The next several chapters dig into four contemporary manifestations of tactics used by White people and the government to terrorize and harass Black people: 911 calls (Chapter 2), Terry stops (Chapter 3), Stand Your Ground laws (Chapter 4), and qualified immunity for police officers (Chapter 5). The addition of analyses of 911 calls is a particularly important contribution of this book because such calls are often not the subject of analyses, despite their importance in implicating everyday White Americans (i.e., non-police officers) in policing segregated spaces.

The key argument that Fields makes is that Whites’ “racial fear” motivates the enforcement of segregation in American society. When White people see Black people outside the racial tropes that they ascribe to them, they become suspicious and seek to enforce social expectations that relegate Black people back to the “iconic ghetto.” Fields largely focuses on the way that implicit racial bias drives this racial fear, which at times seemed to leave little room for analyses of the role that conscious racial bias can also play.

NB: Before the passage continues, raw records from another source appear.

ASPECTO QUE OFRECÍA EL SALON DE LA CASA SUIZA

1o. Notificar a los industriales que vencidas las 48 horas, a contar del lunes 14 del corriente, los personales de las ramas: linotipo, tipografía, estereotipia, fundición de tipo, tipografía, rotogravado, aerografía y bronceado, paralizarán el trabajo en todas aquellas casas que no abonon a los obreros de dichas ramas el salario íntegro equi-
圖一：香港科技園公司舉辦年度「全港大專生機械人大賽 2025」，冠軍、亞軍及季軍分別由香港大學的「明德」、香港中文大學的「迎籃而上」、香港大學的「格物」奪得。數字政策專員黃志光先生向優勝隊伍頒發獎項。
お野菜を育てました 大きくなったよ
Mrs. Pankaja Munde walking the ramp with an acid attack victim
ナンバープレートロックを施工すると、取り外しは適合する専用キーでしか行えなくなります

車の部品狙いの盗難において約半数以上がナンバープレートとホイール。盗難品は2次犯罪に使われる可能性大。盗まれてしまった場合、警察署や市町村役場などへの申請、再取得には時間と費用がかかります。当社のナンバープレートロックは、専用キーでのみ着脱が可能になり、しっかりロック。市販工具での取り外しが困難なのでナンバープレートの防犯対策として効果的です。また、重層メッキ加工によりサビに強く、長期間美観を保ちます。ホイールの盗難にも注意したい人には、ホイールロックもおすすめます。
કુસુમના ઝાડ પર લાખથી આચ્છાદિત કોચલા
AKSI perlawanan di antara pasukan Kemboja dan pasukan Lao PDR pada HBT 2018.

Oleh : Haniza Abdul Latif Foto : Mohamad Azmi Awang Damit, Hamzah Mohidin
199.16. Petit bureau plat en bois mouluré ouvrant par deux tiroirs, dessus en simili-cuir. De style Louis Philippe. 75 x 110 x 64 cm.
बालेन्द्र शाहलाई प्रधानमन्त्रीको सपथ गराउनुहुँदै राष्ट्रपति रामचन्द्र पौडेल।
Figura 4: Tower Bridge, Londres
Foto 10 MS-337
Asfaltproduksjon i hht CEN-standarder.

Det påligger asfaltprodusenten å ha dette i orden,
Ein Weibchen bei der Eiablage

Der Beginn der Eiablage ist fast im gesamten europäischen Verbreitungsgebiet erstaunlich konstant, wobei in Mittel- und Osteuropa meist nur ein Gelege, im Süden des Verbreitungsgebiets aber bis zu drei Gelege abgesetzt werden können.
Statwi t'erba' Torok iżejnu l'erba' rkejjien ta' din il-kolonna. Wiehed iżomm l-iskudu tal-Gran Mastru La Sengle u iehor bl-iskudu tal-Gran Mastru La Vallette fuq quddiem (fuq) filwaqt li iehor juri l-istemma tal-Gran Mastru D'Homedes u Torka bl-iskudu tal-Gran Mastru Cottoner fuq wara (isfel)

Nevertheless, Fields’ focus on implicit racial bias is used to motivate important policy recommendations that he makes in Chapters 7 and 8. He argues that we do not have the time to wait for implicit bias training to reshape White Americans’ minds (if this is even ever possible) and, as a result, we have to focus on immediate solutions to protect Black people. His central thesis here is that reform “should focus less on improving the quality of interactions between police and the communities they serve and more on decreasing the quantity of such interactions” (p. 7, emphases added). I appreciated the urgency with which these recommendations were made—it ensured that the book would not only engage in theoretical debates but also focus on the real lives that are impacted by the actions taken by White people motivated by racial fear, the police, and the government.

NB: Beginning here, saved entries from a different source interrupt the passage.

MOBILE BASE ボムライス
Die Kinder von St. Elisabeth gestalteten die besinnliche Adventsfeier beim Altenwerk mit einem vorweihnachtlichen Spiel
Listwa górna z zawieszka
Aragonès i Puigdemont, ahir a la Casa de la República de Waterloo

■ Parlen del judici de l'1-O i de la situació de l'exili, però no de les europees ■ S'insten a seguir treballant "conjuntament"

Fields proposes several policy and legal recommendations that would make for great conversations in both undergraduate and graduate courses. Further, as this book focuses more on historical and legal analyses, rather than quantitative analyses, it would be accessible to students of all levels. Fields discusses solutions like deterring 911 abuse in the first place, as well as punishing it once it occurs, in addition to ending qualified immunity for police officers, a return to the English common law model of self-defense that includes a “duty to retreat,” a redefinition of what we consider “reasonable” when using deadly force, and independent investigations of police incidents. Throughout his discussion, he is attentive to normative goals of such legislation as well as the practicality of getting such work done.

Some of the reforms he proposes align with calls from activists who want to “defund the police.” Fields addresses these similarities and proposes a reframing of such motivations—away from defunding and toward curbing what he dubs “maximum policing.” Right now, we have policies that encourage the maximum level of reporting suspected crimes, the maximum level of militarized response to any 911 calls, and a “shoot first, think later” culture that encourages maximum engagement between the police and public. This culture of maximum policing, Fields argues, is what needs to be eliminated in America.

On the whole, Neighborhood Watch provides an accessible and normatively important critique of not only the criminal justice system and the ways in which the government constructs and maintains segregation and marginalization in American society but also the ways in which everyday White Americans participate in such maintenance. This is a novel contribution that adds depth to the burgeoning policing literature in political science, as well as to our understandings of legal theory, the policymaking process, and studies of race and racism across disciplines like law, political science, sociology, and history.